Изменить стиль страницы

Раздался долгий звонок над постелью Дитте. Она вскочила и поспешила вернуться к своим обязанностям.

Невеселы они были, но все-таки после этого открытия Дитте втайне радовалась, что ей-то не смогли загородить дорогу на свет божий. Иначе, что стал бы делать без нее отец… и ребятишки? Да и каково это было бы ей самой — не родиться живой на свет? Да, несмотря ни на что, Дитте отнюдь не тяготилась жизнью!

Впрочем, она всплакнула втихомолку не один раз. А когда Дитте прикладывала потом к груди чужое дитя, сердце у нее так и перевертывалось. Она делала над собою усилие, но зато давала волю чувствам, когда оставалась одна, — слезы облегчали, обмывали все темные закоулки души.

Временами вспыхивала в ней и ненависть или, скорее, озлобление против тех, которые так легко отделывались от своих детей и разлучили Дитте с ее ребенком.

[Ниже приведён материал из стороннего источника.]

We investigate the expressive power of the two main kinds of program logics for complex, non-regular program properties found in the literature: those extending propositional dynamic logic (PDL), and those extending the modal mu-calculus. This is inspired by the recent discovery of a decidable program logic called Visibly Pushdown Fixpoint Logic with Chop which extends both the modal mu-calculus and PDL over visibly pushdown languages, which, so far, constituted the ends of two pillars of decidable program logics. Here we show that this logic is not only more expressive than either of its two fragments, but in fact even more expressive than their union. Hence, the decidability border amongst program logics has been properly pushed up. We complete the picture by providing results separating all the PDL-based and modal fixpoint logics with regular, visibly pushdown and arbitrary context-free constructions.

Но ведь какой же надо быть жестокосердной, чтобы не смягчиться, держа на руках хоть и чужое, но беспомощное, крохотное существо! Дитте, во всяком случае, не была на это способна.

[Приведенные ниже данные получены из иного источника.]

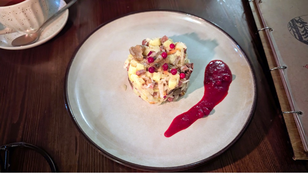 Меню как с перепутанными страницами — разделы идут вразнобой. И заказать, если не готовился, как Борис, не так просто. Самое интересное, конечно, «Охотничье меню» — собственно, причина визита, но и в других разделах есть что обсудить. Настойки есть готовые, есть свои, они без цены в меню, и только то, что есть сегодня, на слух. Мне показалось, заводские (250) поинтереснее домашних («250/40 мл» написано, правда, с очепяткой — 125 мл), домашние простые, односложные. Большой чайник чая — 250.

Трудно оказалось и привыкнуть к городской жизни, труднее, чем предполагала Дитте. Никогда и нигде еще не чувствовала она такого одиночества, как здесь, хотя людей было полно вокруг. Животных здесь совсем не видно было, даже кошки, которая бы приходила и терлась возле ног, выпрашивая лакомый кусочек. Дни тянулись, темные и серые. Большую часть зимы приходилось ужо с середины дня зажигать огонь в кухне. И куда ни погляди — серые гладкие стены домов, водосточные трубы и целое море крыш и дымовых труб. Есть, правда, улицы, залитые светом, с роскошными магазинами, где в окнах выставлены были все сокровища мира. Дитте наслышалась о них задолго до того, как попала сюда, и они часто снились ей. Но она не прочь была бы посмотреть на них собственными глазами и, пожалуй, зайти туда прицениться. Она обещала ребятишкам кое-какие игрушки, и когда срок ее найма кончится и она получит жалованье, то… Мысль о жалованье служила ей утешением в тяжелые минуты. Сколько она всего накупит, когда получит свои деньги!

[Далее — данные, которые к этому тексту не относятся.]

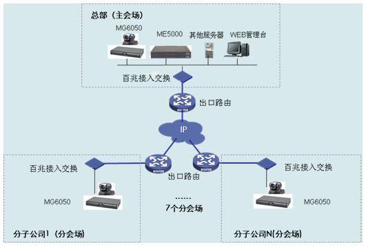 集團(tuán)總部主會(huì)場和各個(gè)分會(huì)場各部署一臺(tái)H3C公司的MG6050多媒體網(wǎng)關(guān),同時(shí)支持H.323和SIP協(xié)議,支持H.263/H.264編碼技術(shù)和4CIF高清晰圖像分辨率,最高可以提供2M會(huì)議帶寬。集團(tuán)總部主會(huì)場和各個(gè)分會(huì)場推薦使用Sony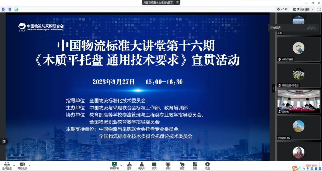 近日 “中國物流標準大講堂第十六期——《木質平托盤 通用技術要求》國家標準宣貫活動”,通過線上線下結合的方式舉辦,專家代表、學者及行業同仁共計2000余人次參加了此次宣貫活動。

— Ничего ты не получишь! — сказала ей раз София. — Слишком ты добра и проста. Или ты думаешь, нас тут морят да изводят всячески, чтобы потом расплатиться с нами по чести? Как бы не так! И, право, мне скоро надоест терпеть. Не вижу я разве, и чему это клонится? Хотят довести меня до белого каления, чтобы заставить бросить место до срока. Тогда ведь я потеряю жалованье. Но нет, шалишь! Если я выдержала восемь месяцев, то уж как-нибудь дотяну девятый. А если она уж чересчур насядет на меня, то… — Она многозначительно кивнула.

— Что тогда? У хозяев вся власть и все права! — сказала Дитте, вспомнив, что было с нею на Хуторе на Холмах.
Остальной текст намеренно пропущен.